Myth No 1 -An Overall Equipment Effectiveness level of 85% is ‘World Class’
It certainly is not if you are running, say, a flour mill or an off-shore oil platform !! In this case if you’re not hitting 90% + OEE then you’ll soon be out of business. We didn’t let the Japanese finish off the sentence of what they told us 20+ years ago –and that is that ‘’85% is World Class……..(we then rushed out of the room, before they added)…. for a typical Machining Centre that has a significant number of Changeovers’’
Myth No 2-OEE is a Management tool to use as a benchmark and comparator-
This misses the point of the OEE being a Manufacturing Floor problem solving tool.

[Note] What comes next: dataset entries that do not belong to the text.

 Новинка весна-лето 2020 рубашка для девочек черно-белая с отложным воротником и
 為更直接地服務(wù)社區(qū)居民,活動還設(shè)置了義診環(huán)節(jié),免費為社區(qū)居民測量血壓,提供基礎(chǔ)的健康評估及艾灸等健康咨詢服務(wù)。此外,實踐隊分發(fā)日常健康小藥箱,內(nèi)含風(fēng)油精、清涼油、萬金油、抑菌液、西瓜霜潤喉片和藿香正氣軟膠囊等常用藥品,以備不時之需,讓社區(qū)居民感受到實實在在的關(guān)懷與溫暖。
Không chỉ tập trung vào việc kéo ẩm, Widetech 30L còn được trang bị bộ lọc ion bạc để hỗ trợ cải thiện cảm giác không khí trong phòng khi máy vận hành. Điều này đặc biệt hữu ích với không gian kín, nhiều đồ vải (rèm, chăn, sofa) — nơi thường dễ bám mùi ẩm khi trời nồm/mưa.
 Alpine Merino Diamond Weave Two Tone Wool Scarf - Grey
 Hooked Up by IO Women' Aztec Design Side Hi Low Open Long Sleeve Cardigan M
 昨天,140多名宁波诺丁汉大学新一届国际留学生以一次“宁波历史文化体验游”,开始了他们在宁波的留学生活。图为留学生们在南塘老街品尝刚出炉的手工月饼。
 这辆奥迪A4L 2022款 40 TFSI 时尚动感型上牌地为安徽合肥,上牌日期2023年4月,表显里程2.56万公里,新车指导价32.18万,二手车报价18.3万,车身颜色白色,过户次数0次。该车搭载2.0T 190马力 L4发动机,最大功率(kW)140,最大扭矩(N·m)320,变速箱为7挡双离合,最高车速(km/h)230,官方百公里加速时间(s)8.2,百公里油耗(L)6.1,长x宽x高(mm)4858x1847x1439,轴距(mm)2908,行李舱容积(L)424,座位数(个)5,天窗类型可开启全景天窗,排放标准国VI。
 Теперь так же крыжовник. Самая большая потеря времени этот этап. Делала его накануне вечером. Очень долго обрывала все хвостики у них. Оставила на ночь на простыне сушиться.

If however, ‘Corporate’ insists on benchmarking, then beware of not comparing like with like-Not just ‘apples with apples’ But ‘Bramleys with Bramleys’!!!
Also 5 x questions to answer
Myth No3 –OEE should be calculated automatically by computer
The computation approach is far less important than the interpretation. Whilst initially calculating manually or inputting manually you can be asking ‘why? x 5 times’ .Once you’ve proven the manual measurement process-then mechanise it.
Myth No 4-OEE on non-bottleneck equipment is unimportant
OEE provides a route to guide problem solving. The main requirement is for an objective measure of hidden losses even on equipment elsewhere in the chain especially if it is generating controllable waste or non-value adding.
Myth No 5-We don’t need any more output, so why raise the OEE?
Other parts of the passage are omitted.